About this task: In the listing below, start your output at the line with "Boucles d'oreilles Fantaisie" and end it after the line with "Two mechanics conduct", copying every line exactly.

Records shown:
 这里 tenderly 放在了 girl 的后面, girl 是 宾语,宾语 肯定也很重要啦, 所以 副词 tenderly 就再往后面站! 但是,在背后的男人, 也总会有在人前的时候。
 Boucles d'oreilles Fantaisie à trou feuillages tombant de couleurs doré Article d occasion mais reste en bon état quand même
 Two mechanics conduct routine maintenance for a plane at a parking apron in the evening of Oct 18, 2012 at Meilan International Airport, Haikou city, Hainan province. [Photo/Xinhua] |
==
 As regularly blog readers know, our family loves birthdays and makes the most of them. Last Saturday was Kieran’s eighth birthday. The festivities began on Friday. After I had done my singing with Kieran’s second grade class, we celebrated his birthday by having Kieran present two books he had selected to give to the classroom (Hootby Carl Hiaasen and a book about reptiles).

Response area:
 Boucles d'oreilles Fantaisie à trou feuillages tombant de couleurs doré Article d occasion mais reste en bon état quand même
 Two mechanics conduct routine maintenance for a plane at a parking apron in the evening of Oct 18, 2012 at Meilan International Airport, Haikou city, Hainan province. [Photo/Xinhua] |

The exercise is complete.